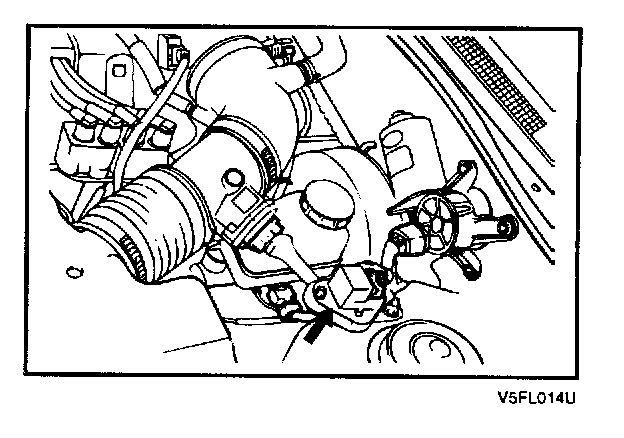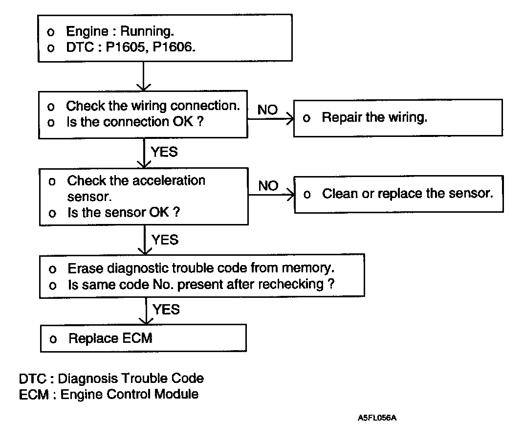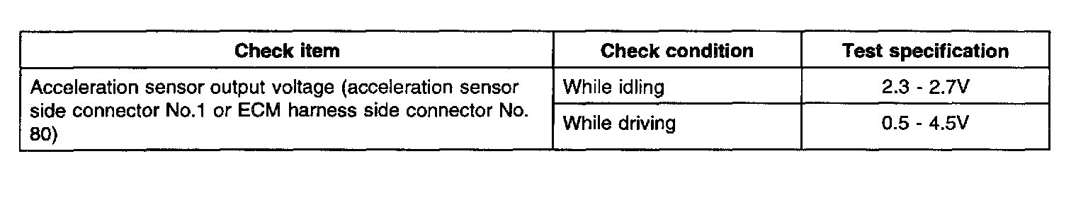 The acceleration sensor is attached in the engine compartment on the driver's side. While driving, the rough road condition is sensed by the acceleration sensor and the ECM uses this input signal to avoid the wrong misfire detection.
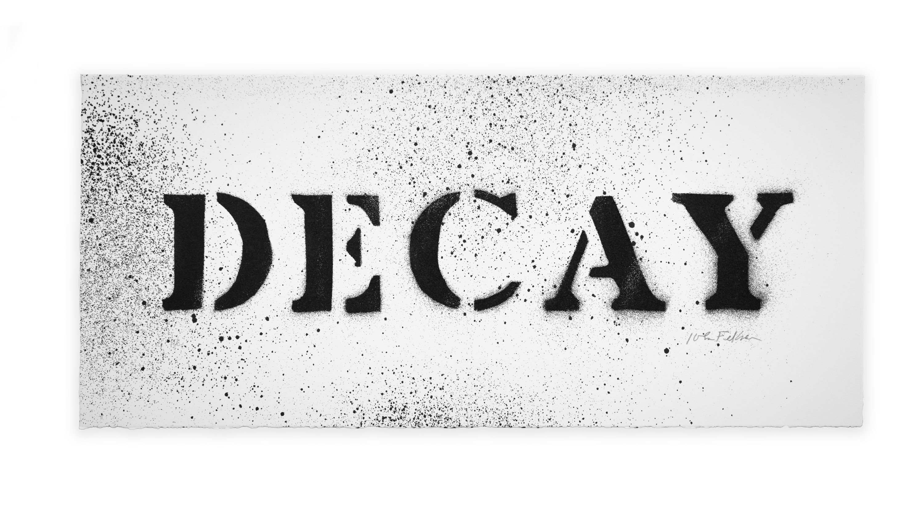 Most of my work was inspired by being involved with late '60s peace movements and listening to protest songs, all those ideas carried in lyrics from people like Phil Ochs and Bob Dylan. From this, I got the whole idea of condensing everything down to one line. Just a single line.The whole idea of conveying something complex and dense into a single phrase, similar to Jenny Holzer. One sentence philosophy. But then I reduced it from a sentence, to two words, and eventually to one word, Decay.
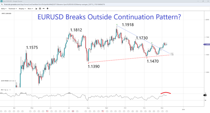 But the Fed isn't the only factor affecting the greenback, of course. Last week saw another batch of delayed official data showing market weakness. On top of that, post-shutdown data has started to come out, notably with ADP dropping into -35K job losses, suggesting the US economy is weakening. The official November NFP is now scheduled for next week, long after the Fed has made its policy decision. Part of the weakness can also be explained by the euro, which accounts for 58% of the dollar index basket, which Stronger-than-anticipated business activity in the Eurozone, which reached 30-month highs, has made European assets more attractive as the ECB is set to keep its policy unchanged when markets anticipate another 100 basis points of easing from the Fed next year.
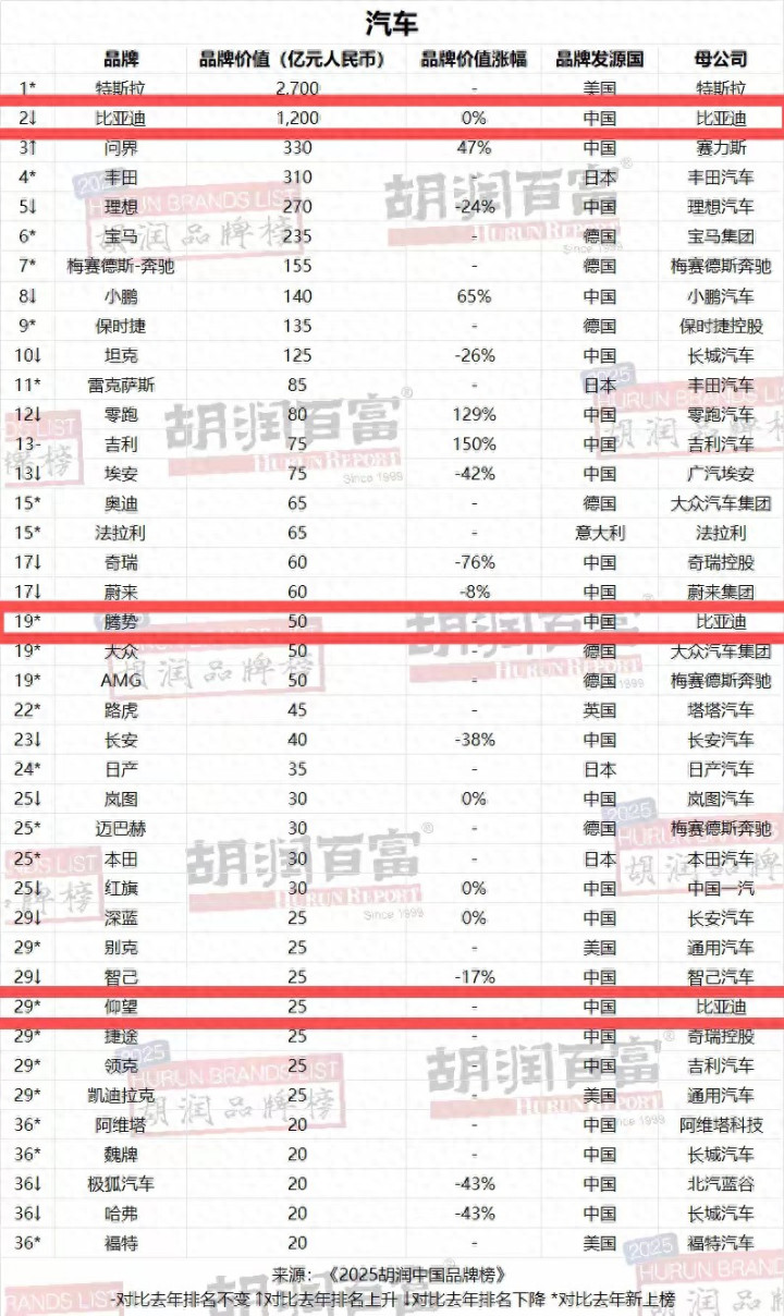 要问现在最猛的汽车品牌是谁,很多行内的人一定会脱口而出的品牌肯定是比亚迪。2月3日,2025胡润汽车品牌榜出来了,比亚迪以1200亿元的品牌价值远远超过其他国产汽车品牌,而且,比亚迪这是已经连续四年蝉联胡润汽车品牌榜了!比亚迪四度登顶,让全世界都知道了中国原来也有一个这么强大的汽车品牌。更有意思的是,连比亚迪旗下的腾势汽车、仰望汽车也分别以50亿、25亿的品牌价值首次上榜,登上了全球汽车行业品牌大舞台了!

### Your objective
In full and without change, repeat the material above, minus the pictures.

### Answer for this exercise
 The acceleration sensor is attached in the engine compartment on the driver's side. While driving, the rough road condition is sensed by the acceleration sensor and the ECM uses this input signal to avoid the wrong misfire detection.
 Most of my work was inspired by being involved with late '60s peace movements and listening to protest songs, all those ideas carried in lyrics from people like Phil Ochs and Bob Dylan. From this, I got the whole idea of condensing everything down to one line. Just a single line.The whole idea of conveying something complex and dense into a single phrase, similar to Jenny Holzer. One sentence philosophy. But then I reduced it from a sentence, to two words, and eventually to one word, Decay.
 But the Fed isn't the only factor affecting the greenback, of course. Last week saw another batch of delayed official data showing market weakness. On top of that, post-shutdown data has started to come out, notably with ADP dropping into -35K job losses, suggesting the US economy is weakening. The official November NFP is now scheduled for next week, long after the Fed has made its policy decision. Part of the weakness can also be explained by the euro, which accounts for 58% of the dollar index basket, which Stronger-than-anticipated business activity in the Eurozone, which reached 30-month highs, has made European assets more attractive as the ECB is set to keep its policy unchanged when markets anticipate another 100 basis points of easing from the Fed next year.
 要问现在最猛的汽车品牌是谁,很多行内的人一定会脱口而出的品牌肯定是比亚迪。2月3日,2025胡润汽车品牌榜出来了,比亚迪以1200亿元的品牌价值远远超过其他国产汽车品牌,而且,比亚迪这是已经连续四年蝉联胡润汽车品牌榜了!比亚迪四度登顶,让全世界都知道了中国原来也有一个这么强大的汽车品牌。更有意思的是,连比亚迪旗下的腾势汽车、仰望汽车也分别以50亿、25亿的品牌价值首次上榜,登上了全球汽车行业品牌大舞台了!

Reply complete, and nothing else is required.